__Given information__:
● ● ●

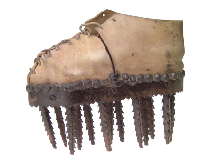 Brodequin à décortiquer les châtaignes. Dessus en cuir lacé. Semelle en bois renforcée de fer forgé.
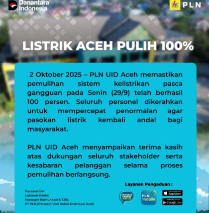 Abdya | • 02/10/2025 • PLN Berhasil Pulihkan Seluruh Sistem Kelistrikan Pascagangguan di Aceh LINEAR.CO.ID | ACEH BARAT DAYA – PT PLN (Persero) berhasil memulihkan kembali 100 persen sistem...
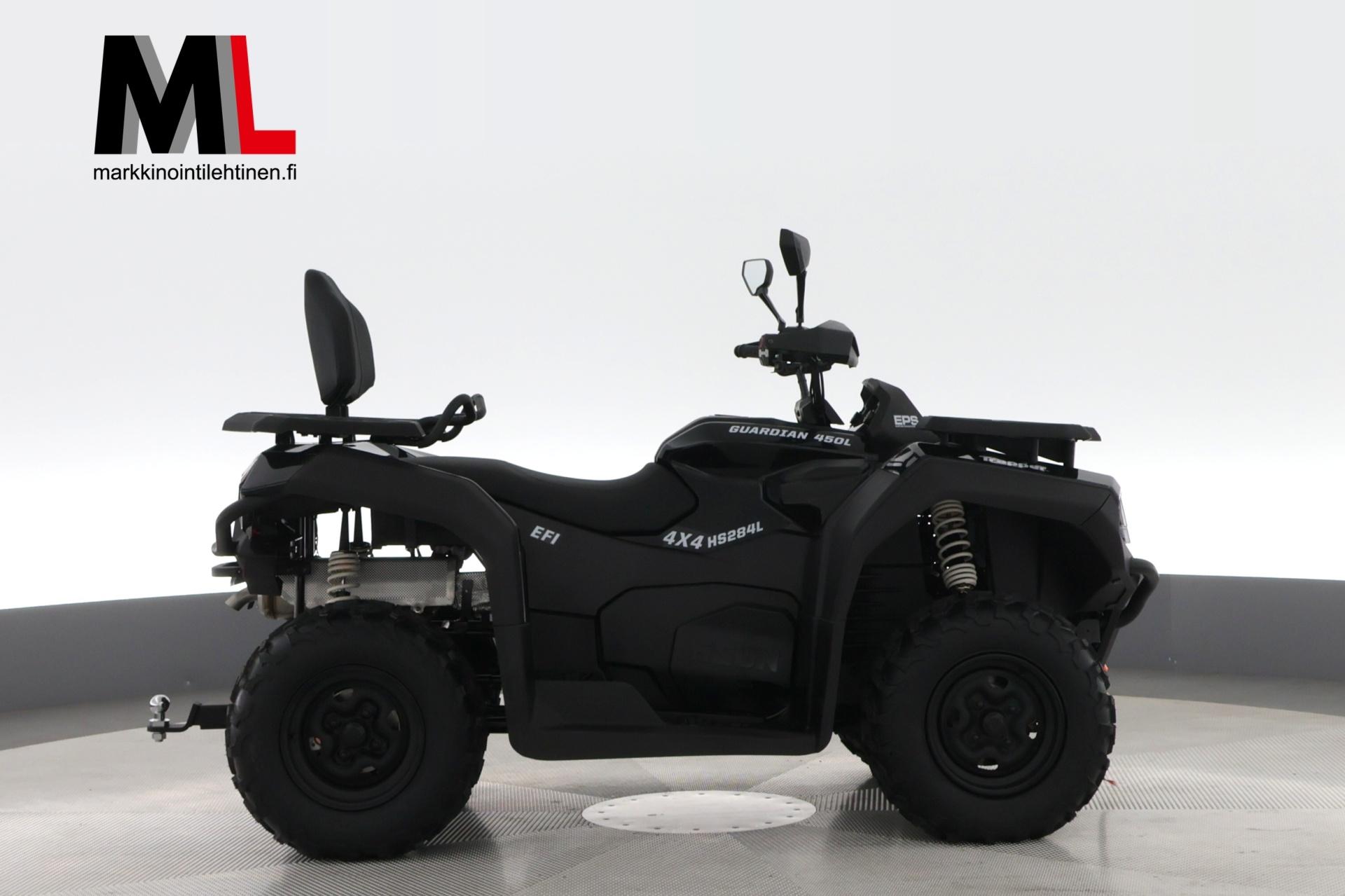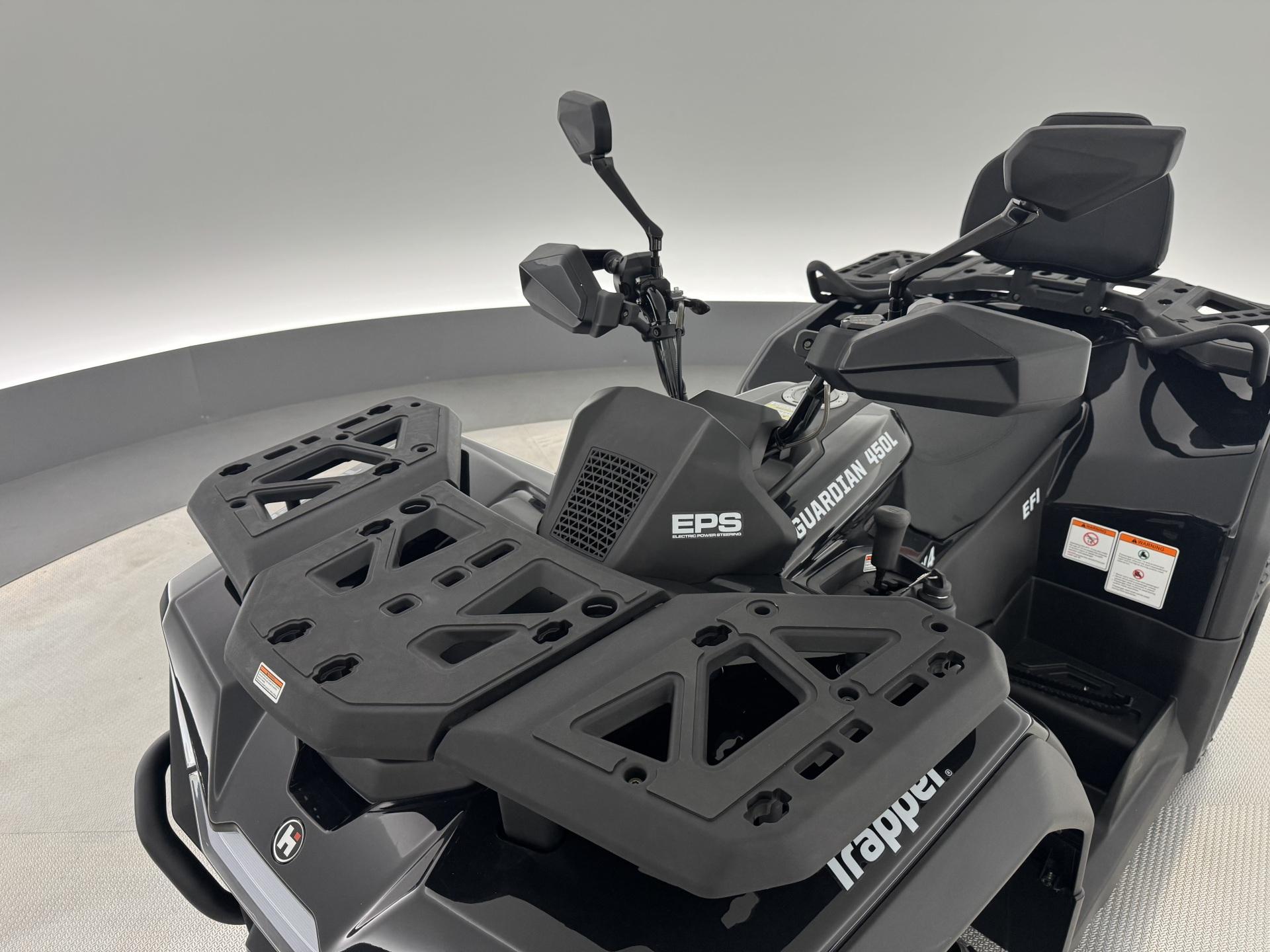 Trapper Guardian 450L on erinomainen valinta monipuoliseen käyttöön. Tämä malli tarjoaa erinomaisen suorituskyvyn ja mukavuuden, mikä tekee siitä ihanteellisen sekä työ- että vapaa-ajan käyttöön. Trapper Guardian 450L -mallissa on 400cc 4-tahtinen, 1-sylinterinen SOHC-moottori, joka tuottaa 31 hevosvoimaa 7000 rpm:ssä ja 32 Nm vääntöä 6000 rpm:ssä. Tämä malli on rekisteröity kahdelle henkilölle. Lisäksi siinä on kahvansuojat ja matkustajalle selkänoja. Trapper Guardian 450L eps -mallissa on ohjaustehostin, joka helpottaa ohjausta ja parantaa ajomukavuutta. Tämä ominaisuus tekee mönkijän käsittelystä kevyempää ja tarkempaa, erityisesti ahtaissa tiloissa ja haastavissa maasto-olosuhteissa. Ohjaustehostin on suunniteltu vähentämään kuljettajan rasitusta ja parantamaan ajokokemusta.

● ● ●

__Task to complete__: As you output the material, omit the pictures but alter nothing else.

__Response for this exercise__:
 Brodequin à décortiquer les châtaignes. Dessus en cuir lacé. Semelle en bois renforcée de fer forgé.
 Abdya | • 02/10/2025 • PLN Berhasil Pulihkan Seluruh Sistem Kelistrikan Pascagangguan di Aceh LINEAR.CO.ID | ACEH BARAT DAYA – PT PLN (Persero) berhasil memulihkan kembali 100 persen sistem...
 Trapper Guardian 450L on erinomainen valinta monipuoliseen käyttöön. Tämä malli tarjoaa erinomaisen suorituskyvyn ja mukavuuden, mikä tekee siitä ihanteellisen sekä työ- että vapaa-ajan käyttöön. Trapper Guardian 450L -mallissa on 400cc 4-tahtinen, 1-sylinterinen SOHC-moottori, joka tuottaa 31 hevosvoimaa 7000 rpm:ssä ja 32 Nm vääntöä 6000 rpm:ssä. Tämä malli on rekisteröity kahdelle henkilölle. Lisäksi siinä on kahvansuojat ja matkustajalle selkänoja. Trapper Guardian 450L eps -mallissa on ohjaustehostin, joka helpottaa ohjausta ja parantaa ajomukavuutta. Tämä ominaisuus tekee mönkijän käsittelystä kevyempää ja tarkempaa, erityisesti ahtaissa tiloissa ja haastavissa maasto-olosuhteissa. Ohjaustehostin on suunniteltu vähentämään kuljettajan rasitusta ja parantamaan ajokokemusta.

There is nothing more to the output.